Ibadah dimulai tepat pukul 16.00. Ardi mengawali dengan doa dan memimpin beberapa lagu pujian. Setelah itu, Ardi mempersilakan kami untuk mulai memberikan presentasi. Presentasi yang pertama dibawakan oleh Tika. Tika tampil cukup akrab di hadapan anak-anak. Meskipun saat itu Tika sedang sakit, ia tetap berusaha melayani sebaik mungkin. Ia menjelaskan bahwa anak-anak termasuk dalam generasi digital native. Sebagai generasi digital native Kristen, anak-anak harus berbeda dengan teman-temannya. Salah satu perbedaannya adalah apa yang ada di dalam HP mereka? Apakah sudah ada Alkitab atau aplikasi-aplikasi lainnya yang dapat menolong mereka bertumbuh dalam Tuhan?

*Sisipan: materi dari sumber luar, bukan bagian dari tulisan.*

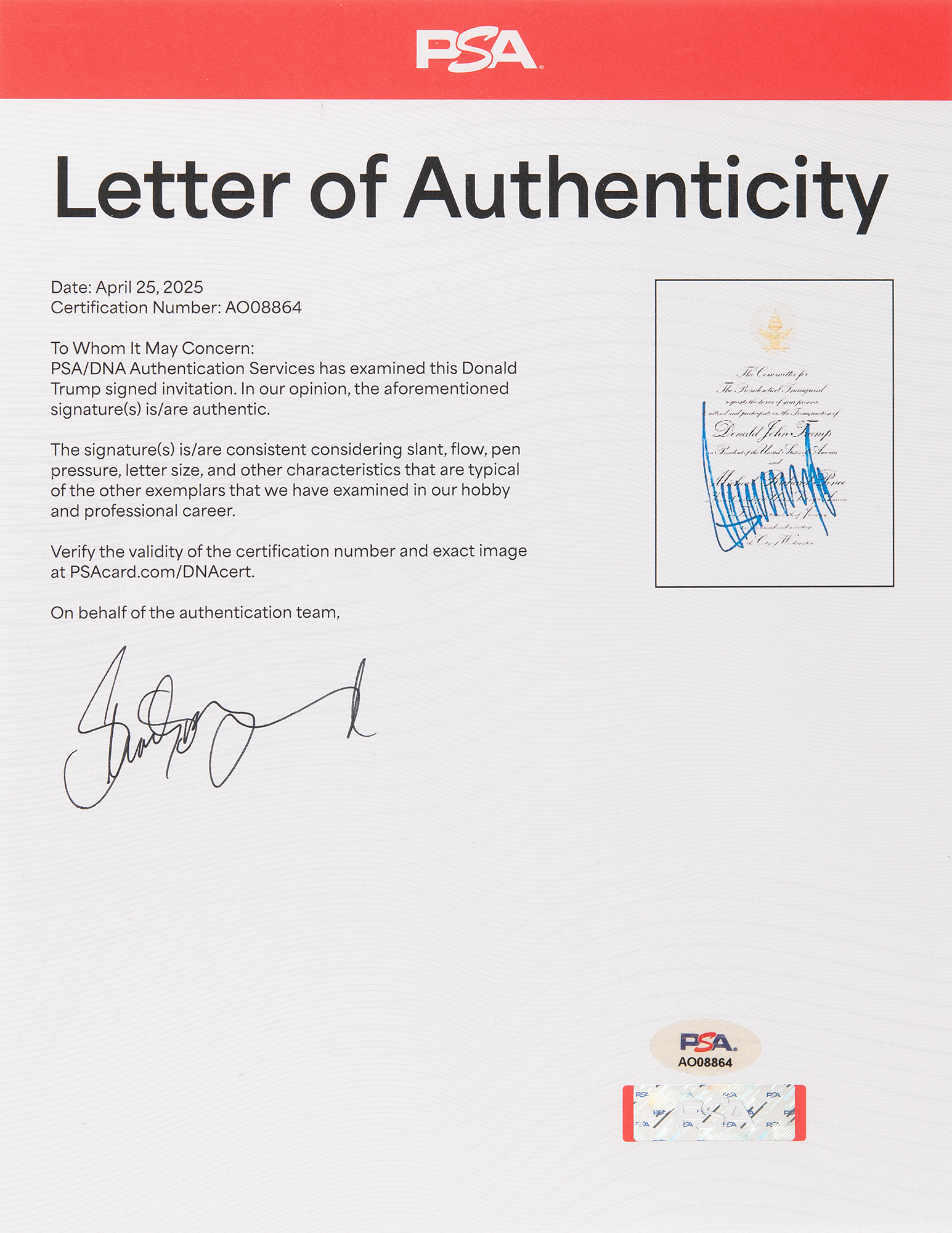 Official 8.5 x 11 printed invitation for the inauguration of President Donald Trump and Vice President Mike Pence on January 20, 2017, issued by the Presidential Inaugural Committee, signed prominently in blue felt tip by Donald Trump. In very fine condition. Accompanied by a full letter of authenticity from PSA.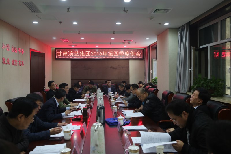 2016年10月17日下午3點,甘肅演藝集團召開了第四季度例會。會議由集團藝術(shù)總監(jiān)胡豫川主持,集團領(lǐng)導(dǎo)班子成員、中層干部、各所屬(代管)單位領(lǐng)導(dǎo)班子成員參加了此次會議。
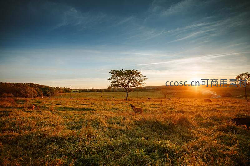 夕阳西下,金色光辉铺满辽阔草原,一棵孤树与几头牛的剪影勾勒出宁静而壮美的画面,天空云彩绚烂如画。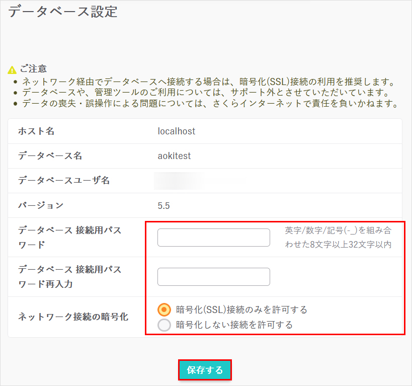 そのため、盗聴などによるデータ漏洩の可能性がございます。データベースに機密情報を保存している場合は、暗号化する接続を推奨しております。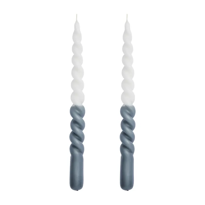 Świeczki skręcone dwukolorowe Twisted 25 cm, 2-pak od duńskiej Lene Bjerre zawiera dwie podłużne i pięknie skręcone świece wykonane z wosku parafinowego. Skręcony kształt nadaje świecom elegancki i ekskluzywny wygląd. Umieść swoje skręcone świece na stole obiadowym, stoliku kawowym lub w oknie dla przytulnej atmosfery w pokoju.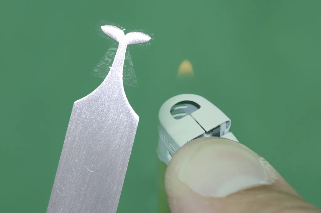 Once the wing material has been trimmed with scissors, you burn and melt the surplus away, leaving a niceely shaped wing under the protective metal wing burner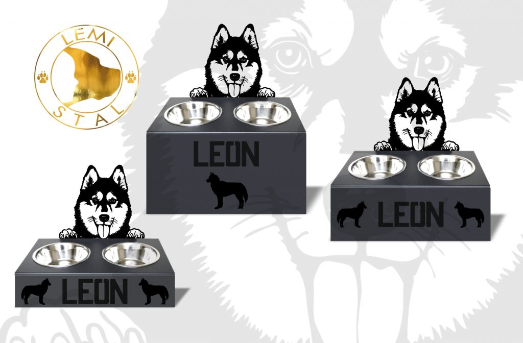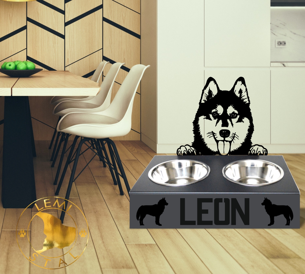 Stojak na miski dla psa z motywem HUSKY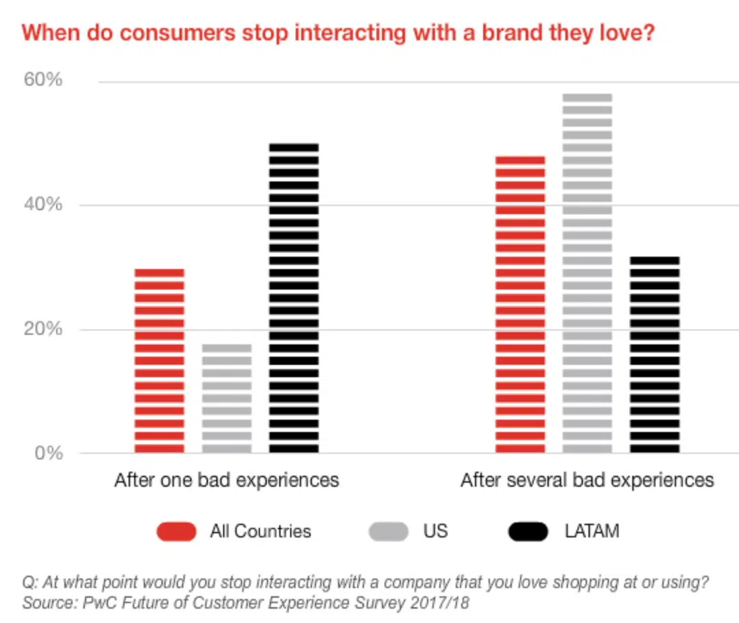 In fact, PwC’s CX report found that one in three consumers will walk away from a brand after just one negative experience.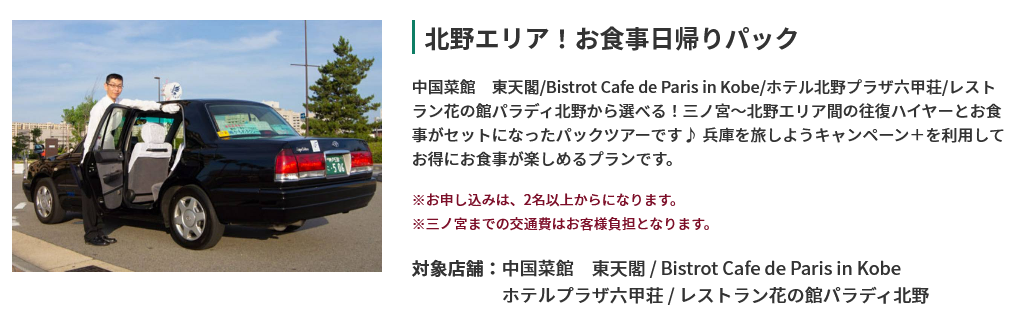中国菜館 東天閣/Bistrot Cafe de Paris in Kobe/ホテル北野プラザ六甲荘/レストラン花の館パラディ北野から選べる!三ノ宮~北野坂エリア間の往復ハイヤーとお食事がセットになったパックツアーです♪ ひょうごを旅しようキャンペーン+を利用してお得にお食事が楽しめるプランです。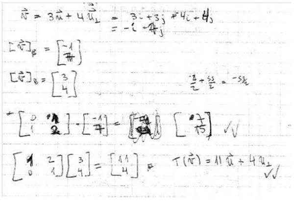 Por otro lado, comprobamos sin sorpresa el enfoque procesal del equipo con dificultad que se limita en su trabajo a la búsqueda fórmulas conocidas para aplicar a nivel de las coordenadas, evitando así las combinaciones lineales vectoriales.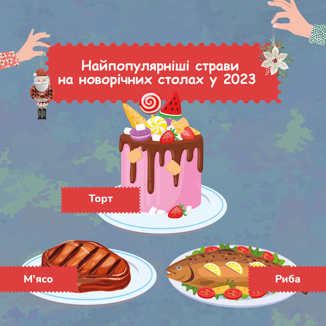 За результатами конкурсу, можна стверджувати, що й цьогоріч вони прикрашали більшість святкових застіль українців. Разом з тим, в топ-5 популярних новорічних страв увійшли м’ясо, риба, а от найзгадуванішою прикрасою святкового столу став торт.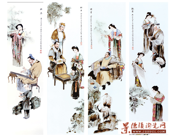 他的人物畫(huà)題材主要是以古典仕女、歷史故事、文人生活等內(nèi)容成為描繪的主題。他的粉彩作品《登高圖》,就是涂良如藝術(shù)心境最完美的詮釋。作品以氣勢(shì)雄渾的山水為背景,畫(huà)風(fēng)高古清奇,線條柔中帶剛。畫(huà)面中人物繁多,但不論遠(yuǎn)近高低,人物神態(tài)各異、面部表情生動(dòng)細(xì)致。整個(gè)畫(huà)面看似隨意而為,實(shí)則法度嚴(yán)謹(jǐn)。涂良如以富有意味的造型、筆墨、色彩、以及豐富的想象力,生動(dòng)地再現(xiàn)了古代歷史人物形象。正因?yàn)橥苛既缬幸环N不流于世俗的安靜心境,才可畫(huà)得出如此沉靜的美,以及那份悠然于世外的的曠達(dá),顯示出他精神上的高貴與誠(chéng)實(shí)。涂良如粉彩作品如《琴棋書(shū)畫(huà)》四條屏、《霓裳羽衣舞》瓷板也是他最具代表性的經(jīng)典之作。畫(huà)面背景雖然簡(jiǎn)略,但留給人廣闊的想象空間,畫(huà)中有畫(huà)極具縱深感。人物神情和心理的描寫(xiě)細(xì)膩,畫(huà)面極具情節(jié)性,墨與色在無(wú)聲碰撞中,幻化出一幅幅逝去的古代人物靈動(dòng)的生活場(chǎng)景。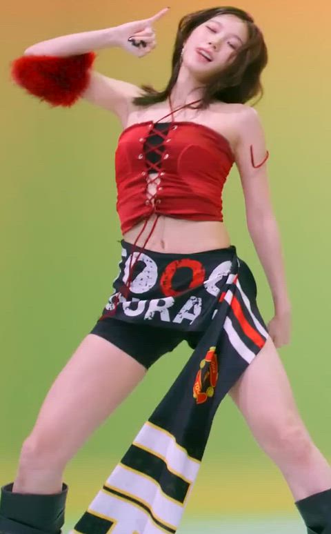 LE SSERAFIM - Eunchae 패션 분석 은채는 강렬한 레드 컬러의 상의와 블랙 미니 스커트, 그리…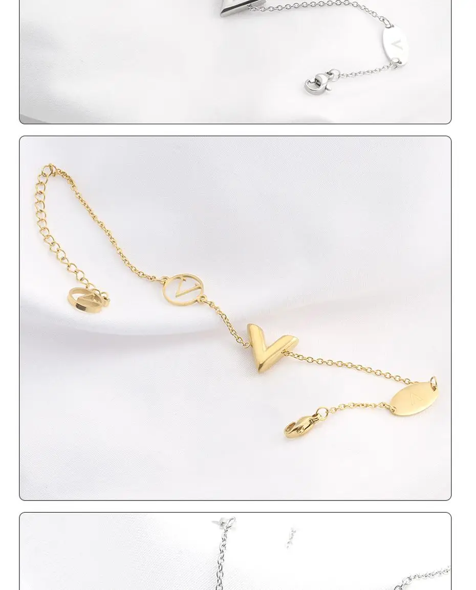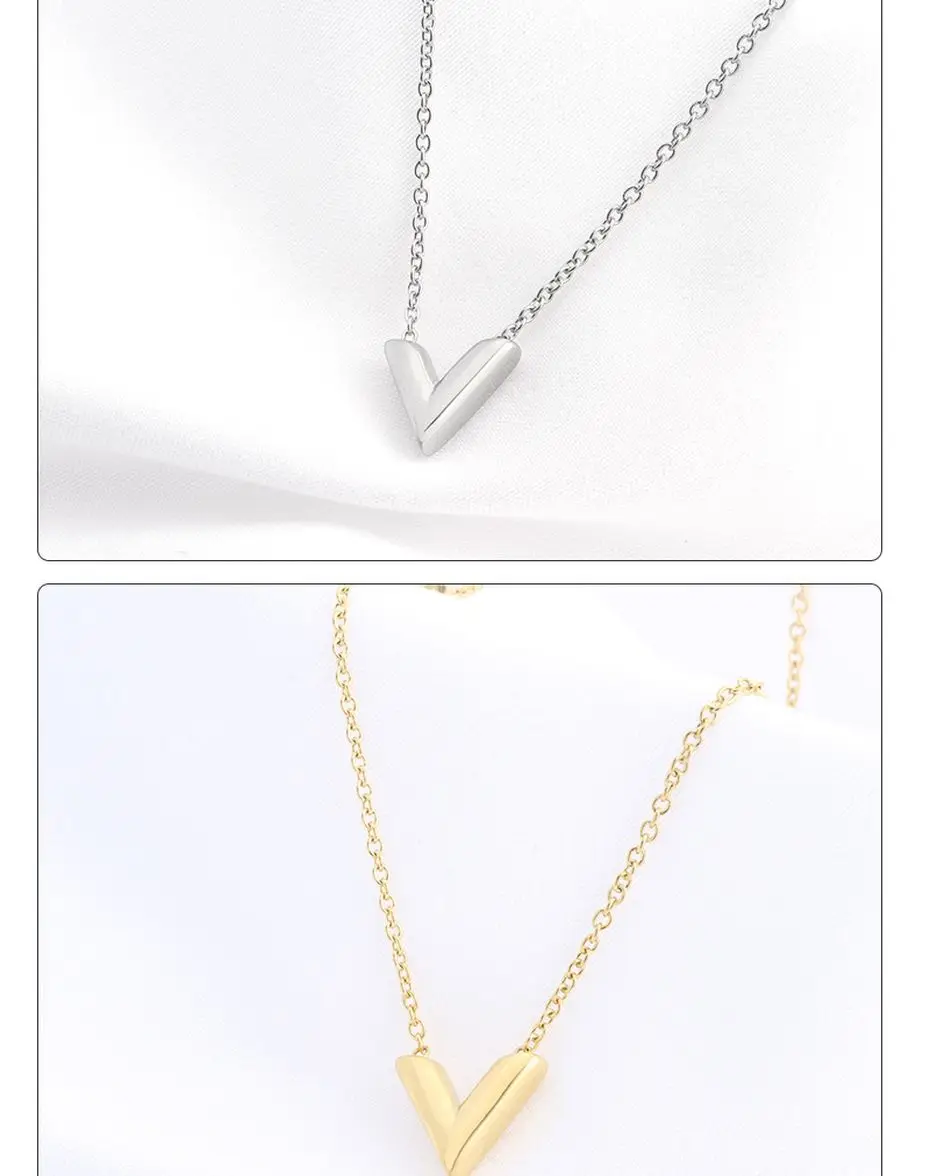 Женское ожерелье с подвеской в виде буквы V, из нержавеющей стали

Selanjutnya, saya bertugas menyampaikan materi presentasi kedua. Awalnya, saya bingung karena dari 29 anak yang datang, hanya 1 anak yang membawa HP, padahal saya akan menyampaikan materi yang sangat teknis dan mereka harus langsung mempraktikkannya dengan HP-nya masing-masing. Kemudian, saya sadar bahwa metode PA S.A.B.D.A (Simak, Analisa, Belajar, Doa/Diskusi, Aplikasi) yang saya bawakan bukanlah tentang masalah "device"-nya. Yang terpenting adalah bagaimana metode S.A.B.D.A ini dipahami oleh anak-anak dan mereka tertarik melakukan PA dengan metode tersebut, dengan atau tanpa device mereka. Akhirnya, saya memberi penekanan dalam melakukan metode S.A.B.D.A.

Memang, dalam roadshow kali ini, ada beberapa hal yang tidak berjalan sesuai perkiraan kami. Dari roadshow kali ini, saya belajar bahwa kita harus siap kapan pun dan dalam situasi apa pun untuk melayani Tuhan. Sebab, kita tidak tahu jika nanti ada hal-hal yang tidak sesuai dengan rencana/persiapan kita. Tetap semangat melayani Tuhan! #Ayo_PA!